Un nouveau rapport révèle que la structure d'imposition varie considérablement d'un État membre de l'UE à l'autre.
Les impôts peuvent être directs ou indirects. Un impôt direct est généralement prélevé sur les revenus personnels, les bénéfices d'une entreprise, les importations et exportations, et les biens. Un impôt indirect (TVA, prélèvements à l'importation ou
droits d'accises) est une taxe prélevée dans le cadre d'un événement matériel ou juridique de nature accidentelle ou provisoire et auprès d'une personne (morale ou physique) pouvant souvent être un intermédiaire, et non la personne responsable dudit événement (d'où le caractère indirect de la taxe).
D'après la dernière édition du document Taxation Trends in the European Union de la Commission européenne, la structure d'imposition est très variable d'un État membre à l'autre.
À titre d'exemple, c'est au Danemark que la part des impôts directs sur le total des recettes fiscales est la plus importante (64,6 %). L'Irlande et Malte arrivent en deuxième et troisième positions. La part des impôts directs est également relativement élevée en Norvège et en Islande.
Le rapport de 2020, qui étudie tous les États membres ainsi que l'Islande et la Norvège, indique également que la part des cotisations sociales dans les recettes fiscales totales est également relativement faible dans ces pays. Au Danemark, la part extrêmement faible des cotisations sociales s'explique par le fait que la plupart des dépenses de protection sociales sont financées par le système fiscal général. Ce système exigeant des niveaux d'impôts directs élevés, leur part sur le total des recettes fiscales du Danemark est la plus élevée de tous les États membres.

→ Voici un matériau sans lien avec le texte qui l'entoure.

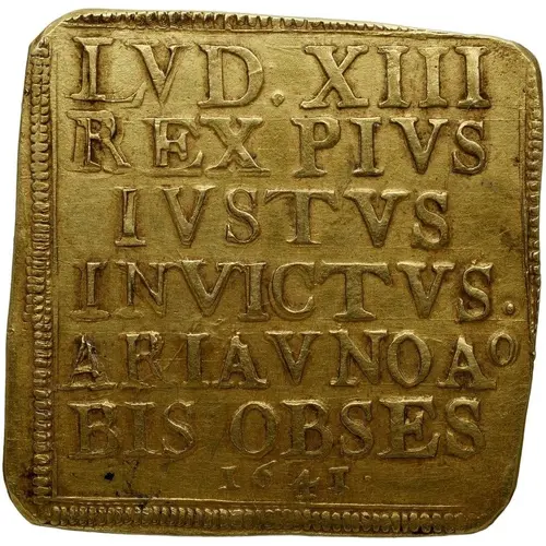LVD.XIII REX PIVS IVSTVS INVICTVS ARIAV NOA BIS OBSES 1641 (Translation: Louis XIII, pious and just king, undefeated in the besieged city of Aire.) |
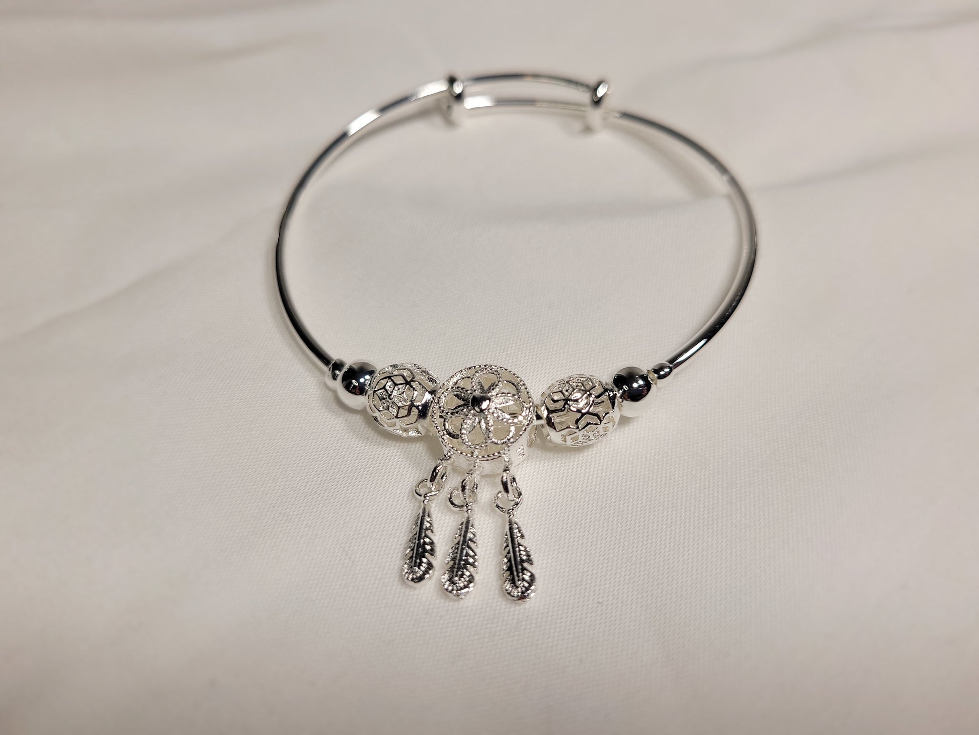 This brand new and high-quality hand bangle features a beautiful dream catcher design, crafted with intricate details and symbolism. Made from 925 sterling silver, it showcases the timeless beauty of this precious metal.
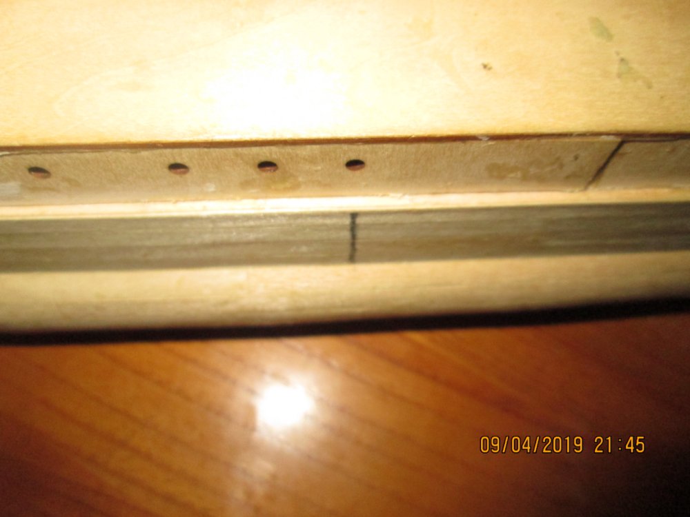 И так насчет булей. Спасибо Алексей за ответ.С габаритами булей в боковой проекции понятно (чертеж есть). Теперь начинается самое интересное. Алексей, вы выше на форуме говорили, о том что були надо не стачивать, а наоборот наполнять. Сначала я не придал этим словам значения. Теперь, взглянул на чертежи, посчитал размеры в масштабе и у меня получился размер "полки" ( у вас выше отмечена синей стрелкой) равный 1 метр. В нашем масштабе 5 мм. Отметил на модели 70-й шпангоут (черная полоска на фото) а там размер 2 мм. Исправление косяка издателя вижу в следующим: наклеить рейку от черновой обшивки и одну от чистовой. Размер получим 4,5-5 мм. Жду комментариев. Фото ниже
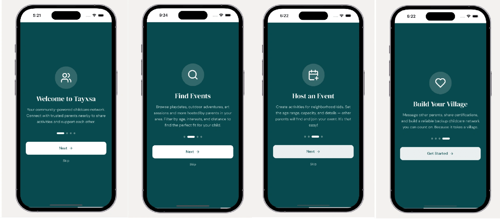 Tayxsa launched to a closed beta of 15 parents to validate trust signals, usability, and real-world hosting behavior.
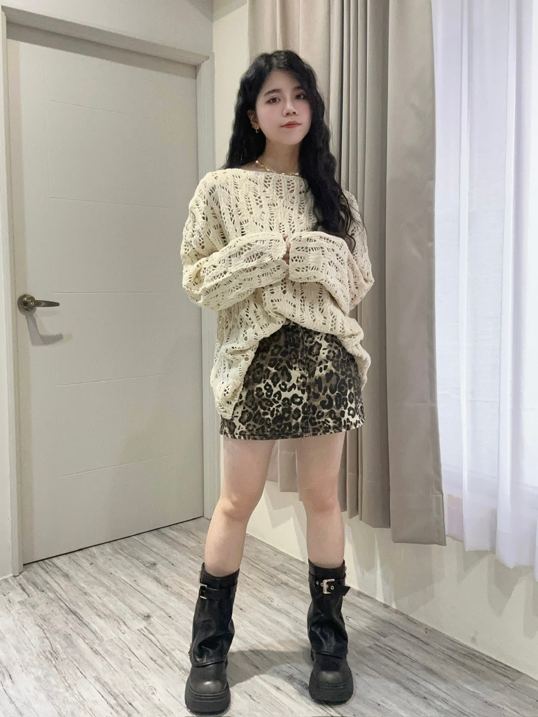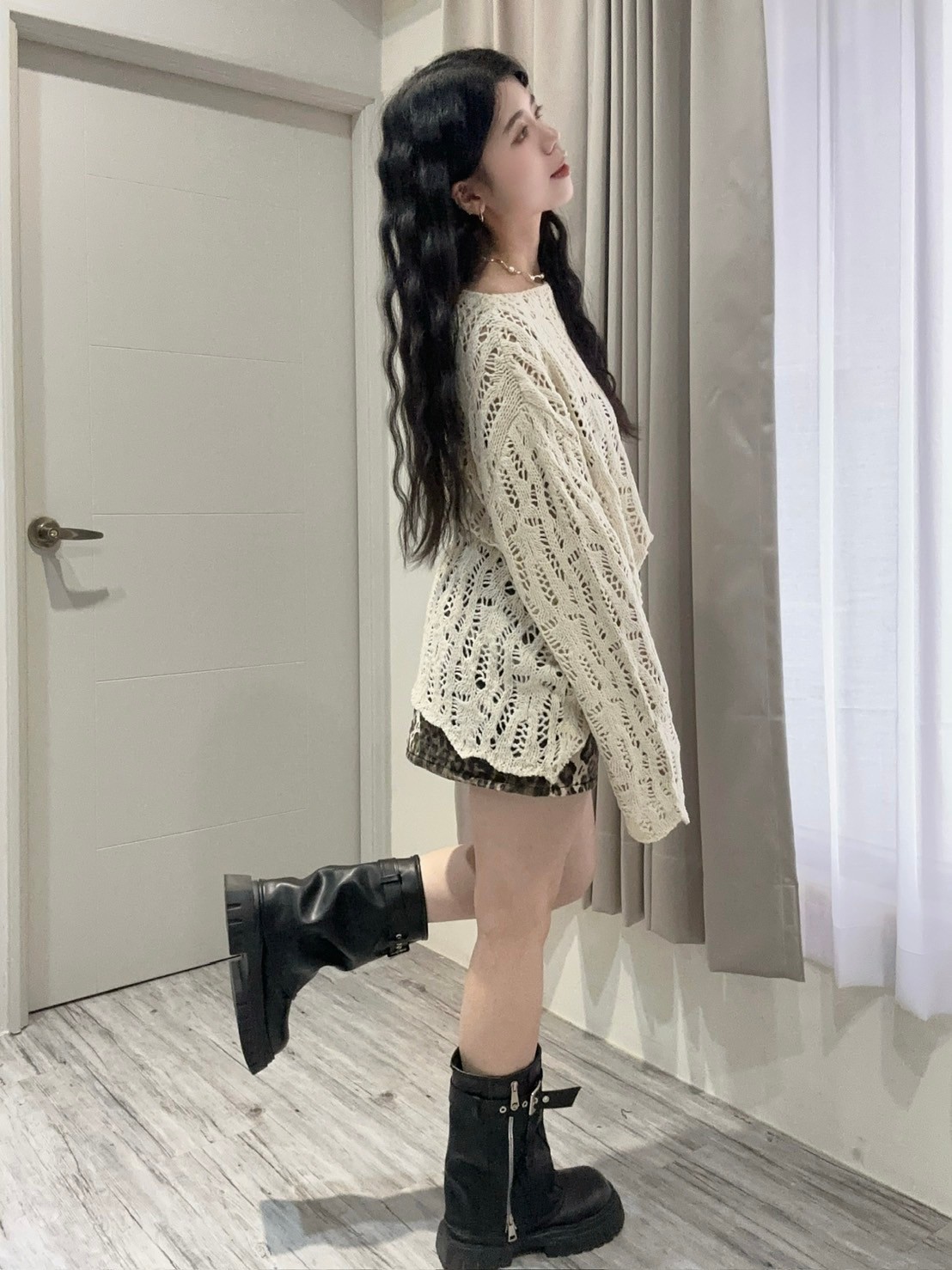 秋日落葉洞洞長版針織衫
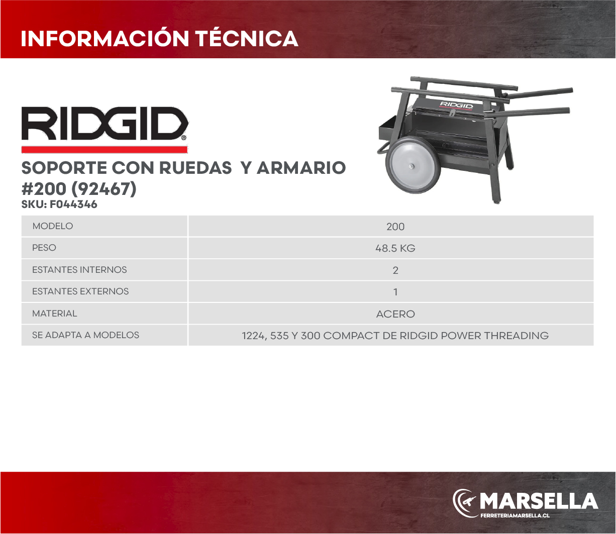 El Soporte con Ruedas y Armario RIDGID 200 est diseado para brindar una base mvil, robusta y segura para equipos de roscado y herramientas pesadas. Su diseo incluye ruedas industriales para fcil transporte y un armario inferior metlico con cerradura que ofrece almacenamiento seguro para accesorios y herramientas. Ideal para talleres exigentes y entornos industriales.
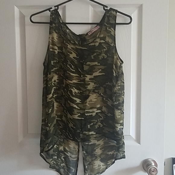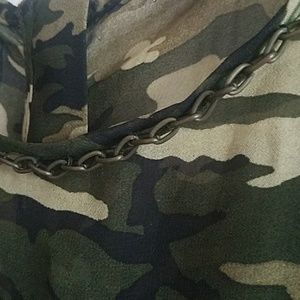 Camouflage print sleeveless summer top with chain neckline..button down in back with split opening for added cool, comfort and sexiness sheer and lightweight
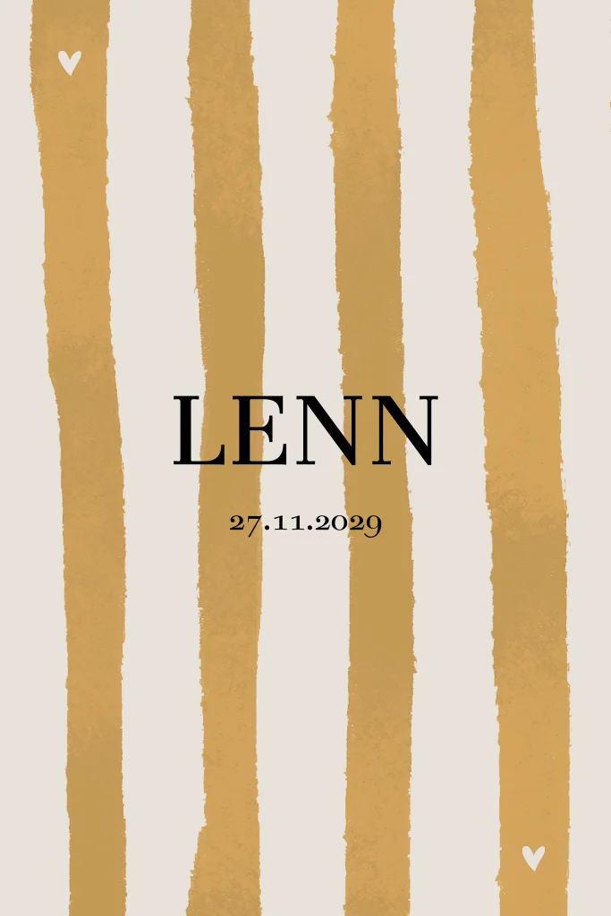 Stoer neutraal geboortekaartje met strepen in watercolor. Pas het kaartje geheel naar wens aan in onze editor.
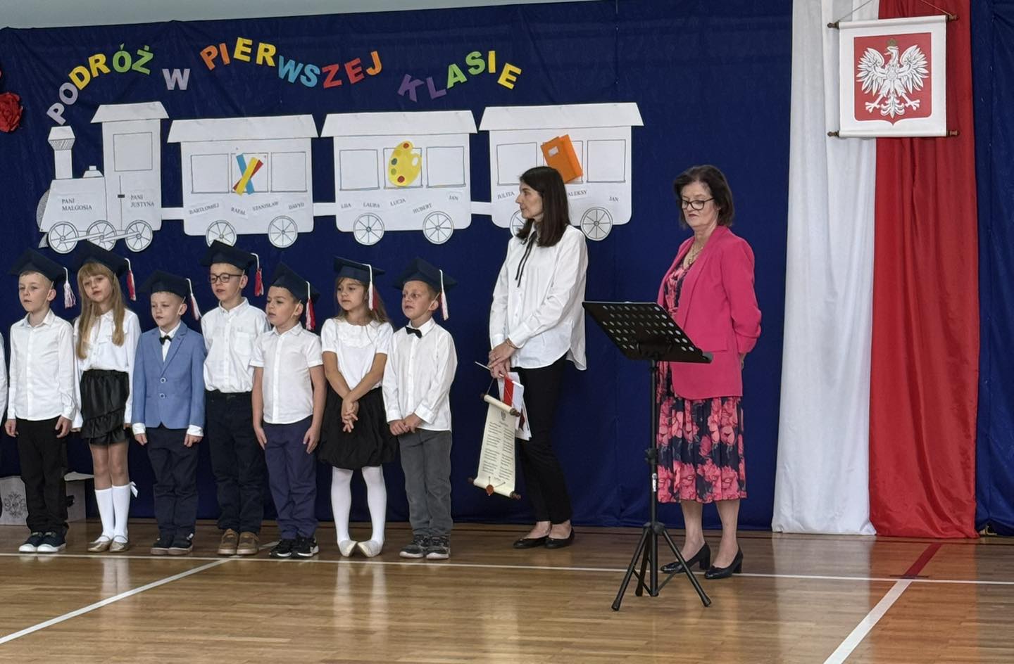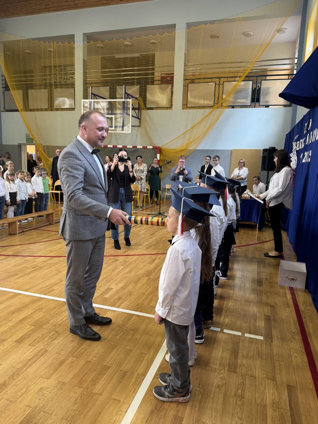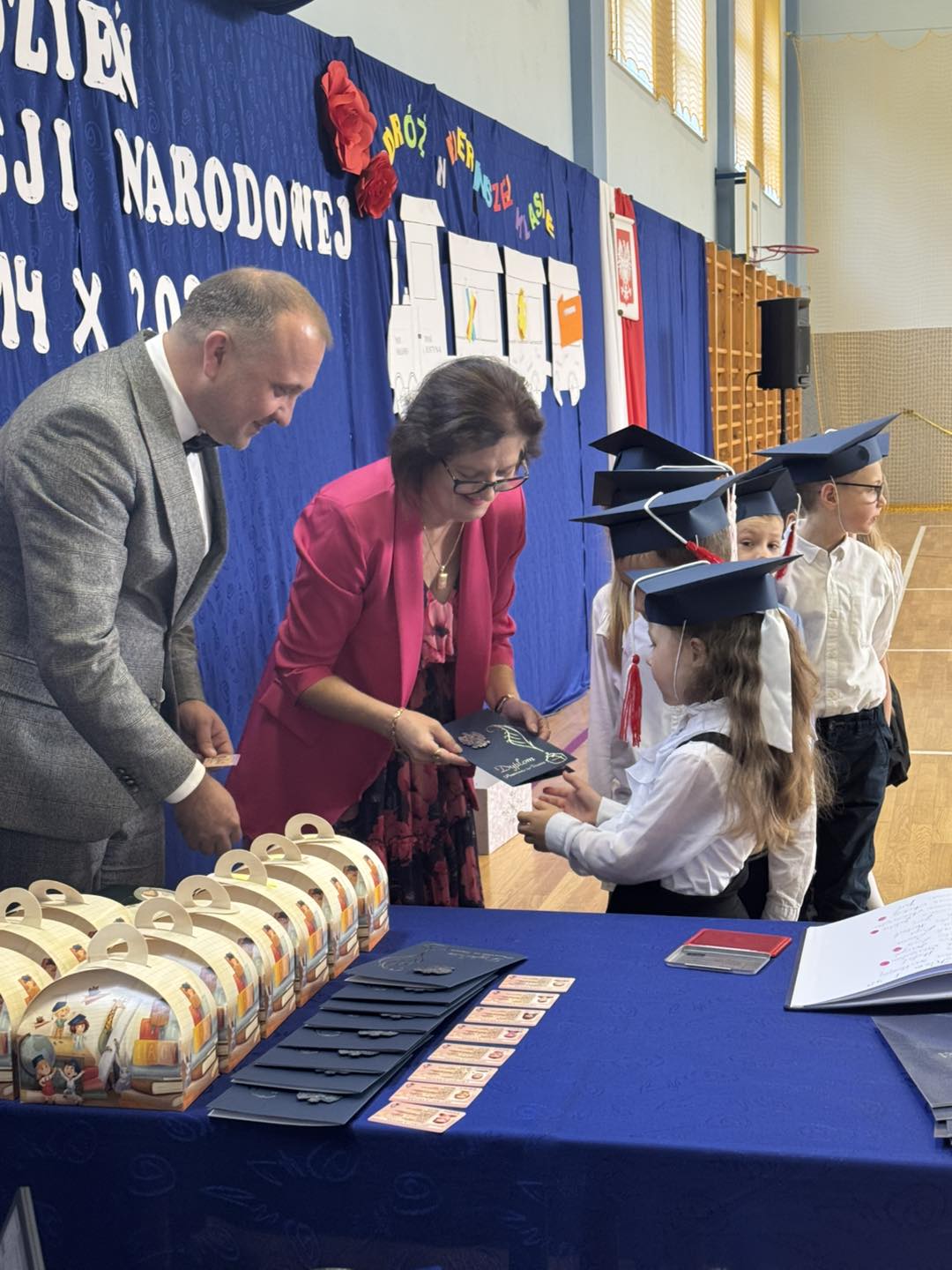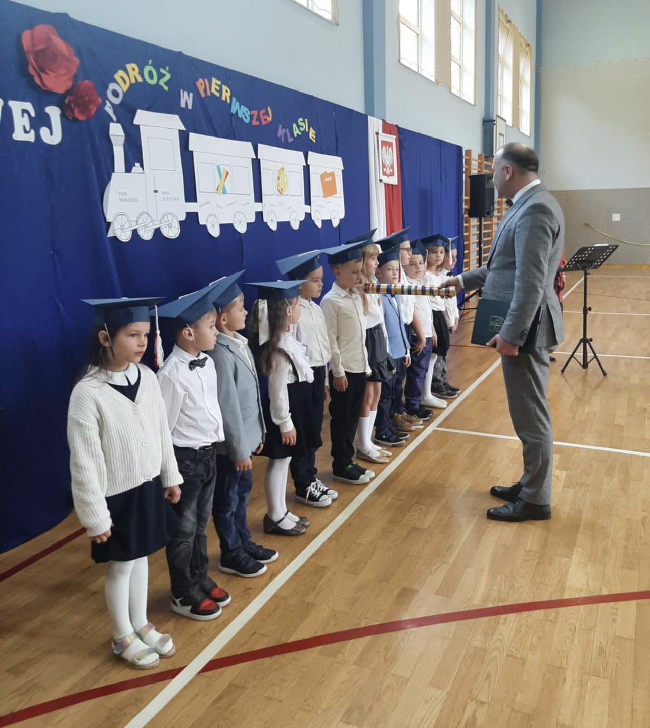 Na zakończenie uczniowie otrzymali pamiątkowe dyplomy, legitymacje szkolne oraz złożyli „podpis” odciskając swój wskazujący palec w kronice szkolnej, aby kolejne pokolenia miały możliwość zapoznania się z historią naszej szkoły. To był ważny i wzruszający dzień w szkolnym życiu każdego pierwszoklasisty

Il en va différemment en Slovaquie et en République tchèque. Dans ces deux pays, la part des cotisations sociales sur le total des recettes fiscales est élevée, et la part des impôts directs relativement faible. Les systèmes de protection sociale y sont également financés par les cotisations sociales.
À l'inverse, dans d'autres États membres, la part des impôts directs est bien plus faible. C'est le cas des États membres qui ont adopté des systèmes forfaitaires reposant sur des taux marginaux inférieurs à la moyenne de l'UE, qui entraînent généralement une réduction plus importante des taux d'impôt direct que les taux d'impôt indirect.
C'est le cas en Croatie, en Bulgarie et en Hongrie, où les parts plus faibles des impôts directs sont compensées par la proportion relativement plus élevée des impôts indirects. Toutefois, en Slovaquie, en République tchèque et en Lituanie, les parts plus faibles des impôts directs sont compensées par les parts relativement plus importantes des cotisations sociales.
Il est intéressant de noter que près de la moitié (46,1 %) des recettes fiscales (cotisations sociales comprises) de toute l'UE ont été prélevées par le gouvernement central ou fédéral.